One reader of this blog who heard all about the news and was sceptical, since after all it is a mouse model. Her 8 year old non-verbal child was not happy taking the drug Keppra and was already scheduled to try Lamotrigine. 

“Within a week his teacher called to say he was saying his ABCs, the next week he was counting out loud, the following month he’s attempting to repeat words of interest and this week he’s spelling animals by memory, dolphin, duck, wolf, chicken, pig, etc.

We are 2 months in and at 50mg, our target dose is 100mg bid. Obviously with our success, I’ve been working with his doctor and will continue to.”

 

Conclusion

Even though every day new autism research is published, there is so much already in this blog that not much appearing is totally new to regular readers.

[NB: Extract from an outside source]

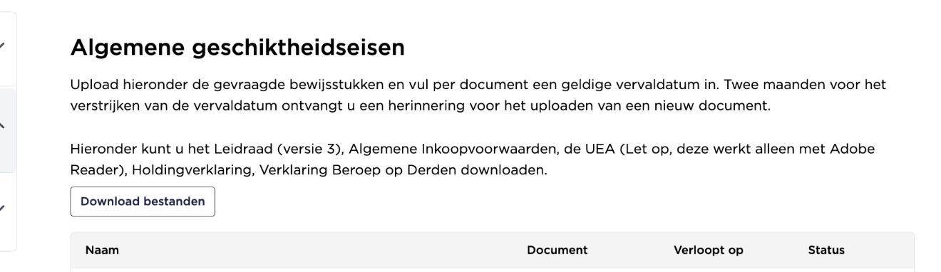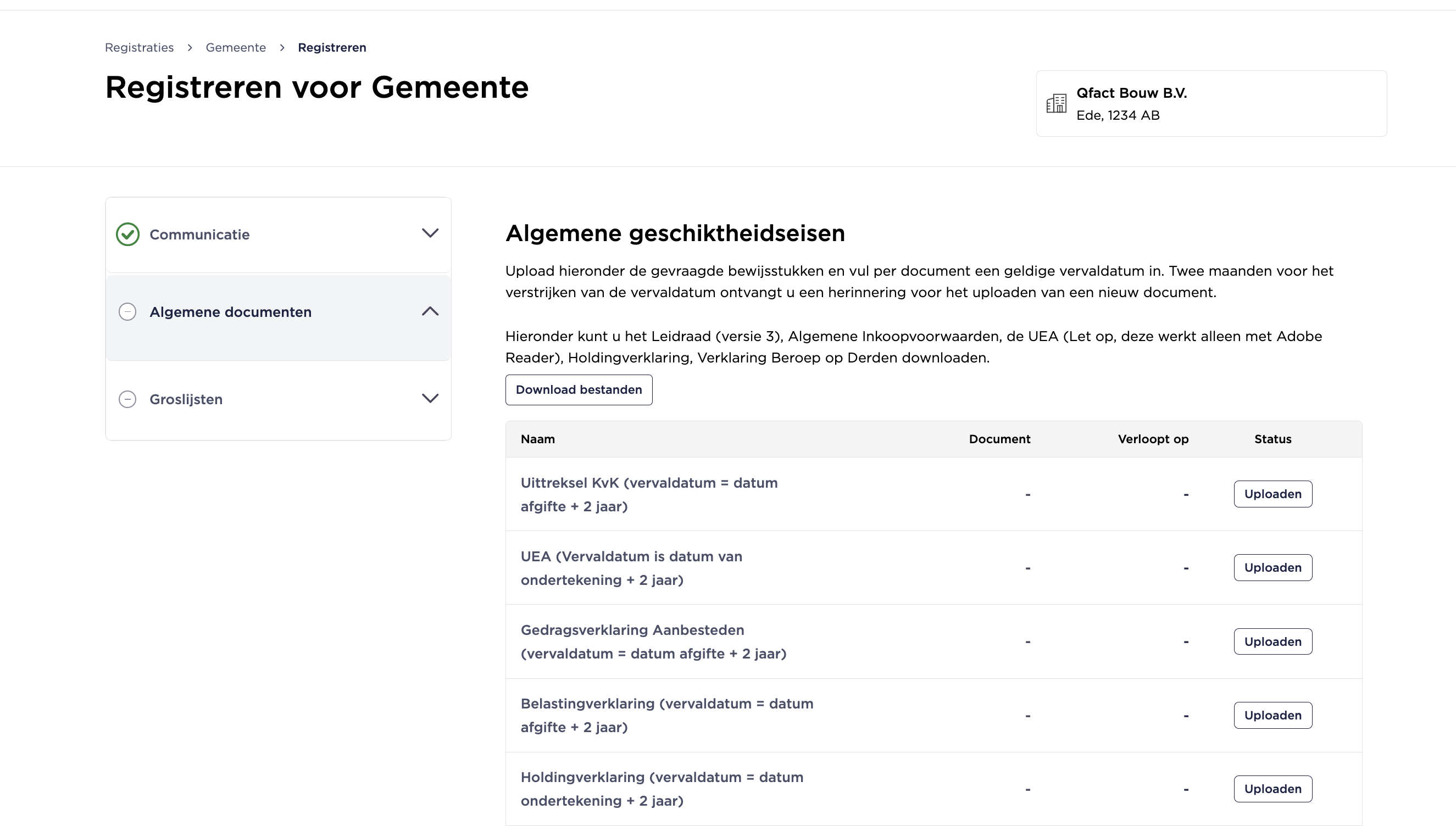 6. Upload de gevraagde documenten en let erop dat je de juiste vervaldatum invult. Klik op 'Uploaden' om documenten toe te voegen.

We saw several years ago that low dose clonazepam should be beneficial to some people with autism, in particular Dravet syndrome. Today we learnt a little more about why Nav1.1 might be disturbed beyond those with Dravet syndrome. In the maternal immune activation model it seems to be a winner. It seems to benefit many of those who have trialed it.

Treating myelination deficits has been well covered in this blog. In previous posts we saw how Pitt Hopkins syndrome researchers showed how myelination gene expression was disturbed in a wide range of autisms. Today we saw evidence to support such therapy and we discovered a new drug.

Oxytocin does help some people with autism, but not as much as you might expect. Today we learnt of a potential add on therapy, a supplement called Maca.

The idea that anti-epilepsy drugs might help some autism has been well covered. From low dose valproate to low dose phenytoin from Dr Philip Bird in Australia.

Treatment of Autism with low-dose Phenytoin, yet another AED

Recent research suggested that Lamotrigine should help some with autism and today you learned that it really does help in one case. The fact that a tiny study a few years ago suggested no responders just tells us that only a small subgroup are likely to benefit.

We already know that some people's autism is made worse by their epilepsy therapy. This is just what you would expect. Time to find a different epilepsy therapy.

My favorite new therapy, low dose mefenemic acid / ponstan has numerous effects. One reader without autism, but with an unusual visual dysfunction (visual snow syndrome) and a sound sensitivity problem contacted me a while to see if NKCC1 might be the root of his problem. I suggested he try Ponstan, which did actually work for him and is easy to buy where he lives. Now he sends me research into all its possible modes of action. One mode of action relates to a cause of intellectual disability (ID/MR). Is this a factor in why Ponstan seems to improve speech and cognition in some autism? I really don't mind why it works - I just got lucky again, that is how I look at it. The more I read the luckier I seem to get.